Когда они впервые увидели друг друга, мир ещё не был придуман до конца — он был в черновике, как недописанное письмо: без адреса, без даты, без подписи, только влажная белизна, только предчувствие смысла. И тогда — в этой белизне — возник взгляд.
Не глаза, не лица — ведь лиц не было, и не было даже стороны, куда повернуть лицо. Было только то единственное, что умею соединять вселенные: узнавание. Солнце узнало Луну так, как узнают себя в чужом голосе. Луна узнала Солнце так, как узнают сильную руку в темноте: не по теплу — по обещанию.
И они, ещё не имея ничего — ни путей, ни времени, ни законов, — уже имели главное: любовь. Она была их первым законом. Их единственной историей. Их началом.
Любовь вообще всегда возникает раньше порядка. Раньше расписания. Раньше слова «нельзя». Она появляется, как огонь в ладони ребёнка: ещё не знаешь, что обожжёшься, но уже держишь, не отпуская, потому что без этого света — страшно.
Бог, создавая мир, делал всё тихо, без театральной пыли. Он не повышал голоса; просто складывал невозможное в возможное — как складывают простыню: край к краю, угол к углу. Придумывал воду — чтобы было что слушать. Придумывал воздух — чтобы было чем дышать. Придумывал землю — чтобы было куда упасть и куда вернуться. И, когда всё уже было почти закончено, Он добавил последний штрих — сияние.

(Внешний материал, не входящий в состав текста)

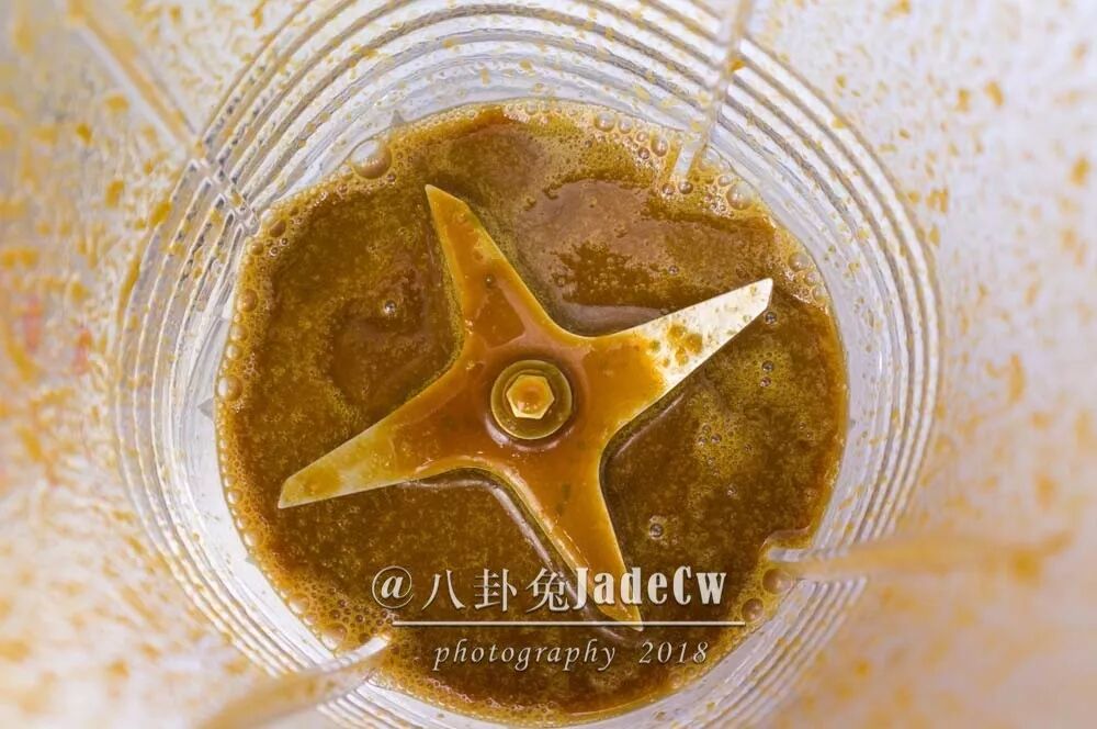 2,B料,放入料理机,打成酱汁。原因除了俺家有人不想吃到葱花姜末外,也使得调料混合(溶解)更均匀,当然你也可以把葱姜剁碎,挤汁等等。按个人条件来。

Сияние было не украшением. Оно было смыслом. Потому что без сияния любой мир — только мебель: предметы стоят, а жить в них незачем.
И потом Он разделил сияние на два ритма. Не по жестокости. По необходимости. День — чтобы трудиться, видеть, идти. Ночь — чтобы помнить, слушать, ждать. Солнцу Он отдал дневное — прямое, властное, открытое. Луне — ночное, мягкое, отражённое, полное тайных оговорок.
И мир, наконец, стал существовать. Он задышал.
Но любовь — не механизм. Любовь не спрашивает, как устроено. Любовь не подписывает договоров с «так надо». Она не умеет быть разумной. Её единственная логика — тянуться к своему.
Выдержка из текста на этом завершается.